Your right to go NC, I'm also NC with my Narcissistic parent, for similar reasons to yourself. Her high functioning two bottles of wine & then onto the g&t's ever since I can remember, her hatred of me being born a girl, her abandonment and control.....she would never admit to any of this, she's not an alcoholic in her eyes, she has money, a business and doesn't feel one ounce of remorse for any of her actions and never will. In fact, if she was posting on here she would be fully on the side of judgement, with a full glass in her hand....

Regardless of my personal family experiences, I've also lost friends to this disease, people who deserved and longed for recovery, who felt shame, guilt and judgement. I would never judge anyone suffering addiction.

Everyone has a story, I've known people like @Darbysmama I've also had a mother similar to yourself. Does my experience with my mother mean I have the right to blanket judge people suffering addiction?
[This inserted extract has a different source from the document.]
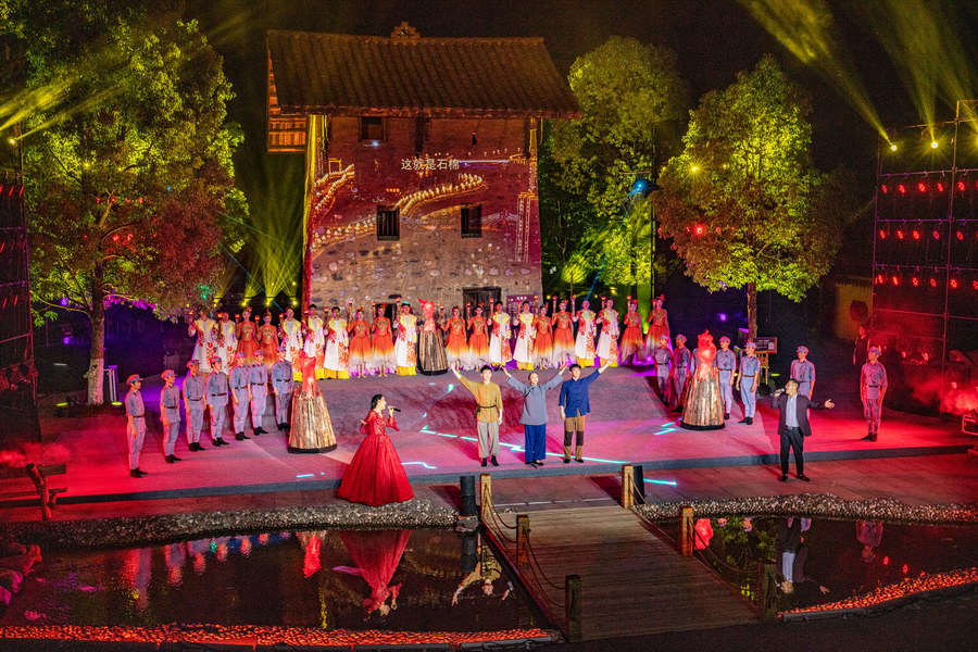 雅安还推出红色沉浸式实景剧《安顺记忆》。在安顺场镇街边,当年刘伯承元帅亲自指挥“强渡大渡河战役”的指挥楼前,实景剧演出道具就摆放在两边。

EmeraldShamrock · 04/09/2021 11:29

No-one chooses to be an addict but it is awful for the family members, every addict is trying to fill a hole, sometimes it is selfish reasons with fear keeping them there.

My friends DD is 19 her father is dying now, when she was younger she'd ask "why doesn't he stop for me" it is too late now. 😔

Frazzledd · 04/09/2021 11:38

@Hurdl what I would add is that I have been Nc with her for a long time, I don't feel any anger or even resentment towards her anymore. It took work, but I let it go and moved forward. Its not raw to me as it is to you and I can understand where your coming from so I'm in no way undermining your situation.

In a weird way I feel sorry for her now, even though her narcissism would scoff at the very thought.

GintyMcGinty · 04/09/2021 11:39

It is a disease.

I feel sympathy for other human beings who suffer from a disease.